One more thing. Since MySQL is a kind of common layer, on the one hand, and a bunch of pluggable engines, on the other hand, including built-in ones, there is a divine NDB cluster from a certain point, which is told about cool. There is a fully synchronous master replication, a very accessible in-memory database ... But there is one nuance - as soon as you start looking for people who use NDB cluster in production, there are very few people like that.

What does the wizard do when you decide to enable replication? On the master there are quite a few additional movements. As usual, we receive requests over the network, parse them, drive transactions, commit them, etc. In addition to this, at the logical level MySQL, the wizard begins to maintain a binary log file, not quite a text file, into which everything changes are being streamed. Also, the wizard can send these logs over the network. All this is very simple and it seems to work.

What does a slave do? It is better not to send changes to the slave, because you can get into the incomprehensible. The slave has a little more work. In addition to keeping one additional log and sending it on request, there is also a thread that goes to the remote master, perhaps not even one, and downloads the binary log from there. The decision “let's go to several remote masters and download various logs from them” is ambiguous. On the one hand it is not bad, but on the other there is an instant divergence. It is impossible to physically copy files via SCP, one log is already obtained on the server, we locate our positions locally, we add them to the grid, add them to a separate log, another thread runs and tries to play these local logs. The most hellish, in my opinion, is that up to version 5.6 the identification of a transaction in the log occurred by the file name and position on the master. An interesting decision.
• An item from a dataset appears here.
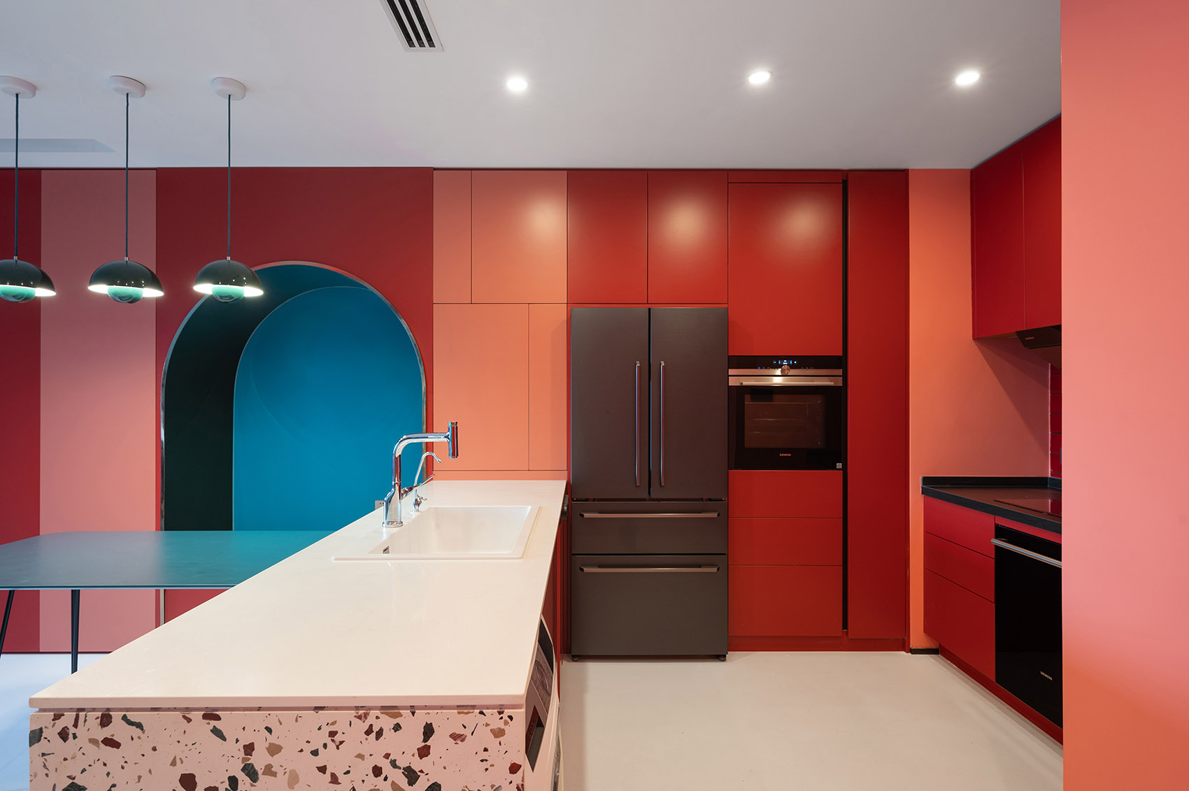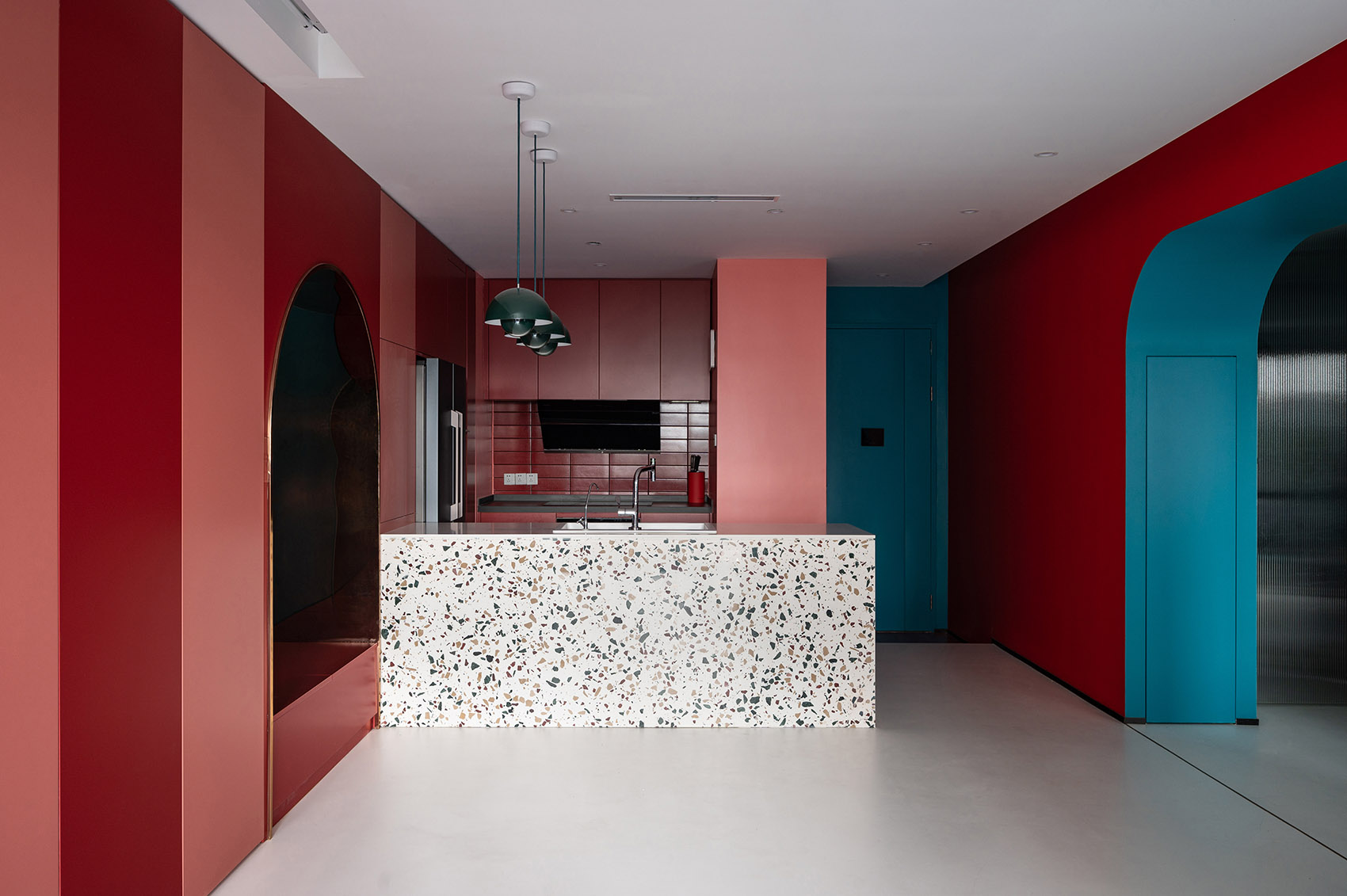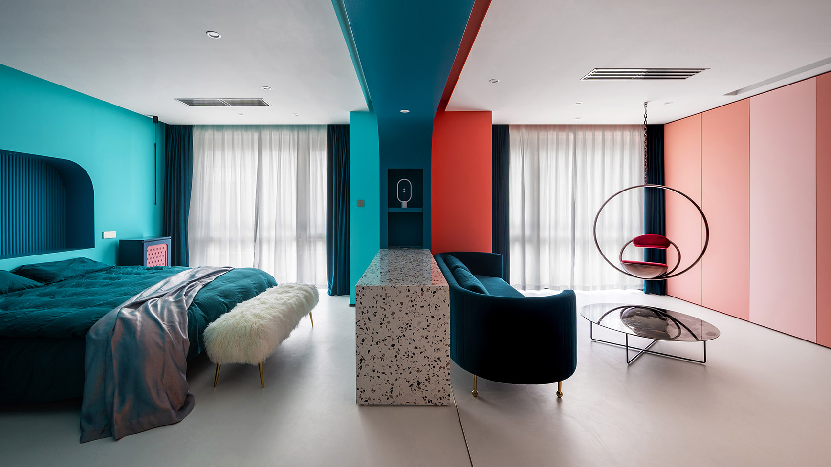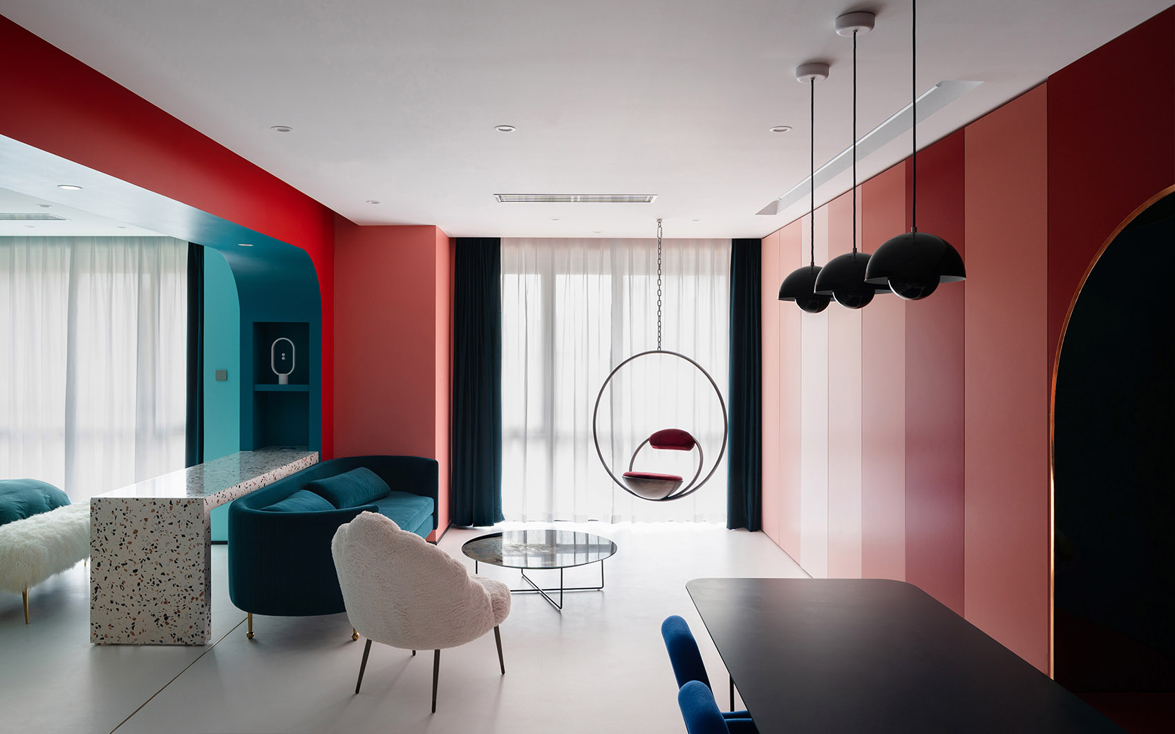 整個空間采用冷暖兩種色系,曲線的造型處理,在滿足功能需要的同時增加使用者不同的體驗感,與業主對色彩的喜好相符。

Here is the write path that a simple insert passes without replicating:

The application is connected to the server, put in the table and hang up.

With replication, there are several additional steps:

The application writer also goes to the master in the same way, but in addition this data gets into binary log in one form or another, then it is downloaded over the network to the relay log, then it is gradually replayed from the relay log (if we are lucky, the slave does not lag, Replace immediately) in the table on the slave, after that everything is available in the reader.

What exactly gets into the binary log depends on the SBR / RBR / mixed settings. Where does all this grow? Imagine yourself as a database. We received a simple request “update one specific entry” - UPDATE users SET x = 123 WHERE id = 456

What to write in the binary log? In principle, all the same, in fact. We can write a short request, or (and he updated one record) we can write the change in some way in one format or another.

Another situation. Imagine that the same request, which is small in itself, but many changes data, arrived to us - UPDATE users SET bonus = bonus + 100

There is only one effective option - to write the request itself, because the request is exactly 32 bytes, and it can update an arbitrary number of records — 1000, 100 000, 1 000 000, as many as you like ... It is not efficient to write changed records to the log.

And what happens if we put such a simple request in the log “let's turn off all users who have not logged in for a long time” - UPDATE users SET disabled = 1 WHERE last_login <UNIX_TIMESTAMP (NOW ()) - 100 * 86400

Suddenly terrified. The problem is that if you perfect the request itself, then, firstly, the time is never synchronous between two nodes, besides, due to the fact that the recording path is so long, at the time of the replay this “NOW” will diverge. The replica suddenly diverges from the master, and all subsequent changes, formally speaking, already unsafe, can lead to anything.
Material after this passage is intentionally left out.